What is Gum Recession / Gingival Recession?
Receding gums are commonly observed in adults, mainly above the age of 40 years, but this dental problem is also seen in teenagers or children.
What are the Causes of Gum Recession / Gingival Recession?The causes of gingival recession are as follows:
- Brushing or flossing the teeth very hard or for a long time.
- Gum disease (Periodontal disease)
- Improper flossing, which may injure the gums
- Hereditary factors
- Thin gum (biotype)
- Scurvy (Deficiency of vitamin C)
- Acute necrotizing ulcerative gingivitis
- Use of teeth braces in adults
- Use of dipping tobacco
- Cigarette smoking
- Gutkha chewing
- Poor oral hygiene
- Periodontal pocket reduction surgery
- Abnormal tooth positioning like crooked teeth or misaligned bite
- Bruxism (Grinding of teeth), which can worsen any pre-existing gum disease
- Lips and tongue piercings which can damage the gums by rubbing against them
- Self-induced trauma such as putting a pencil or fingernail into the gums. This habit is mainly observed among children or people with psychiatric problems
- Traumatic injury to gums due to any accidental injury or due to poorly fitted dental appliance in the mouth such as a removable partial denture, crowns or bridgework
What are the Symptoms of Gum Recession / Gingival Recession?Gum recession is a progressive condition that worsens gradually over the years. As it is a slow process, gingival recession can go unnoticed for many years until its symptoms get worse and cause discomfort.
The signs and symptoms of gum disease are:
- Exposed root surfaces
- Loose teeth
- Bleeding gums
- Inflamed gums
- Longer tooth line
- Tooth sensitivity
- Cavities below the gum line
- Spaces between the teeth seem to be more due to lack of gums
- Difference in tooth color (due to exposure of the root which has a different color as compared to the enamel)
- Bad breath
How Do You Diagnose Gum Recession / Gingival Recession?Gingival recession is diagnosed by a periodontist, dentist or dental hygienist at the time of periodontal examination. This type of dental examination should always be a part of your regular dental check-up.
A periodontal probe is used to measure the sulcus (space) depth present between the tooth and the gums. Normally, the depth of a healthy sulcus is three millimeters or less and does not bleed.
In few cases, x-rays may be required to know the condition of the tooth and the jawbone. Tooth sensitivity is examined near the gum line which may be present in receding gums.
Your dental doctor will check the sulcus depth, bleeding, inflammation and mobility of tooth to conclude any gum disease such as gingivitis, periodontitis or advanced periodontitis. In the presence of a periodontal disease, the pockets are usually deeper than normal.
How Do You Treat Gum Recession / Gingival Recession?The aim of a periodontal treatment is to completely clean the pockets surrounding the teeth and prevent damage to the surrounding jawbone. This dental treatment can be performed by a dentist, a dental hygienist or a periodontist. It is also important on your part to maintain good oral hygiene for a successful treatment outcome.
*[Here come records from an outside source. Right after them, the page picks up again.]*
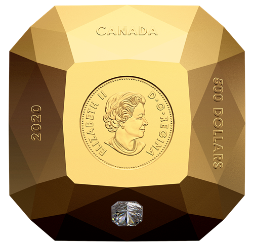 La forme de la pièce et ses multiples facettes correspondent en tous points au diamant Forevermark Black Label carré. L'une des facettes de la couronne est rehaussée d'un diamant Forevermark Black Label carré de 0,2 carat, qui sert de modèle à la pièce – et qui est l'un des derniers à avoir été extraits de la mine Victor dans le Nord de l'Ontario. Le millésime « 2020 », l'inscription « CANADA » et la valeur nominale « 500 DOLLARS » figurent sur les autres facettes de la couronne, encadrant la table où est gravé l'avers, à l'effigie de Sa Majesté la reine Elizabeth II, selon Susanna Blunt.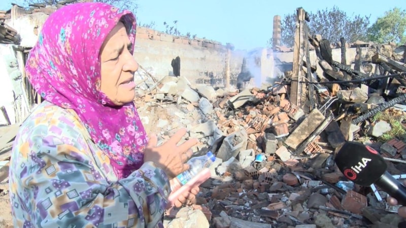 Bayramiç ilçesinde çıkan orman yangınında evi zarar gören Faize Soran, yangında geriye sadece canı, kimliği ve telefonunun kalıp başka bir şeyinin olmadığını söyledi.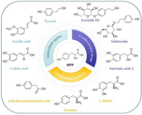 A representative aromatic compound with HPP (4-hydroxyphenylpyruvate) as a precursor in the synthesis pathway and its application diagram. Antioxidant agents: tyrosol, ferulic acid and caffeic acid; Cardiovascular drugs: Icariside D2, Salidroside, Salvianic acid A; Chemical intermediates: Tyrosine, 4-Hydroxyphenylacetic acid, L-DOPA.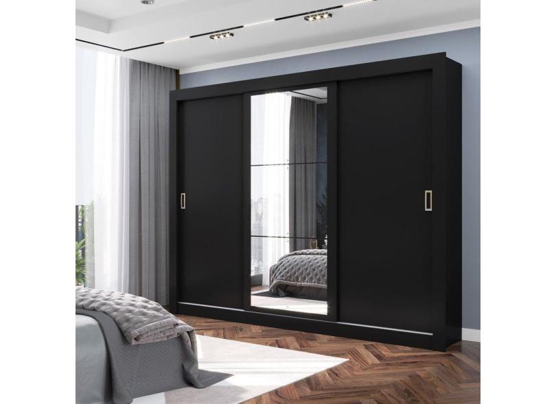 Guarda Roupa 3 Portas 4 Gavetas Com Espelho Serenity Yescasa Preto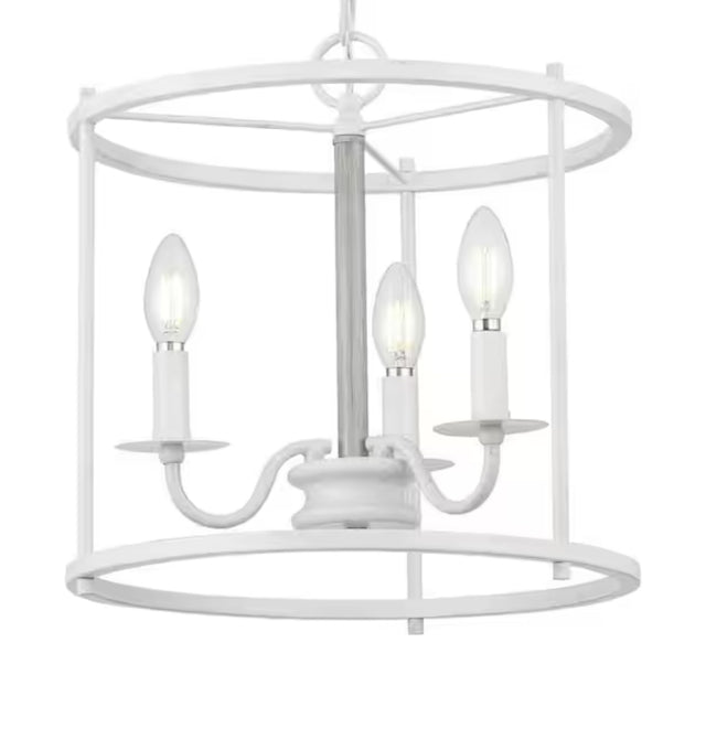 Somstreet 13.75 in. 3-Light Cottage White Cage Pendant Light with Bleached Oak Accents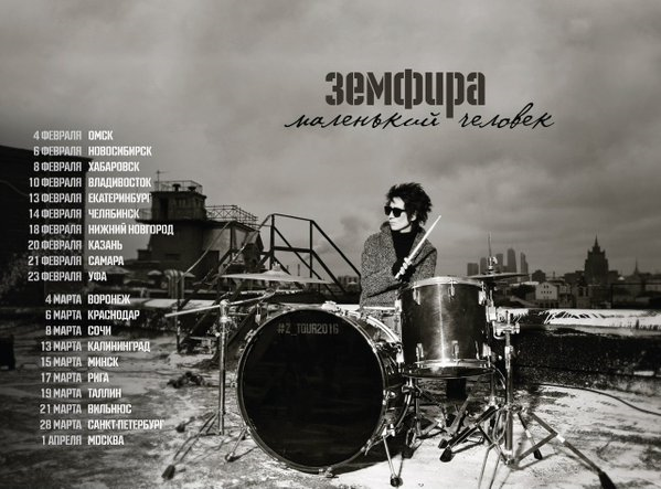 Всего в гастрольном графике Земфиры двадцать городов. Список окончательный и дополнен не будет. Стартует тур в феврале будущего года. Закончится турне исполнительницы 1 апреля большим концертом в Москве. В Санкт-Петербурге выступление состоится 28 марта.

There are two types of treatments involved, which include non-surgical treatment and the surgical treatment.
Non-Surgical Treatment If the gum disease is in its initial stage, then few procedures are followed, including:
- Scaling and Root Planing Scaling is a non-surgical periodontal therapy, which removes dental plaque and calculus from tooth surfaces. During the procedure of root planing, the root surfaces are smoothened.
- Antibiotics Your dentist may suggest topical or oral antibiotics to treat the existing bacterial infection. Topical antibiotics consist of gels, which can be used between the tooth and the gums.
- Surgical Treatments The surgical treatments include:-
- Flap Surgery (Gingivectomy, Pocket Reduction Surgery, Osseous Surgery) In this procedure, your dentist makes small incisions in the gum tissue and pulls it back to clean infection-causing bacteria over the root surface. In few cases, the underlying damaged bone is smoothened to prevent bacterial accumulation. After the cleaning process is over, the gum tissue is sutured back into its place.
- Soft Tissue Grafts To replace the loss of gum tissue due to periodontal disease, a small amount of tissue is taken from your palate or any other donor source and is attached to the affected site. This procedure restores the exposed roots and gives your teeth an attractive appearance.
- Bone Grafting This surgery is performed when your jaw bone is lost due to periodontitis. The graft consists of small fragments of your bone, or the bone can be donated or synthetic. Bone graft procedure helps preserve your tooth by holding it in place.
- Tissue Regeneration This facilitates the bone or the tissue that was damaged by the periodontal disease to re-grow. After cleaning the periodontal pocket, the doctor will keep a regenerative material to stimulate re-growth of tissue or bone in that particular area.
- Pinhole Surgical Technique (PST) It is a scalpel-free, suture-free procedure for treating receding gums. This method was invented by Dr. John Chao. It is performed by incising a small opening with a needle in the gum tissue. Using special dental instruments, the dentist operates through this opening to bring the underlying tissue over the receded part of the tooth and thereby restore the gum line to a normal level.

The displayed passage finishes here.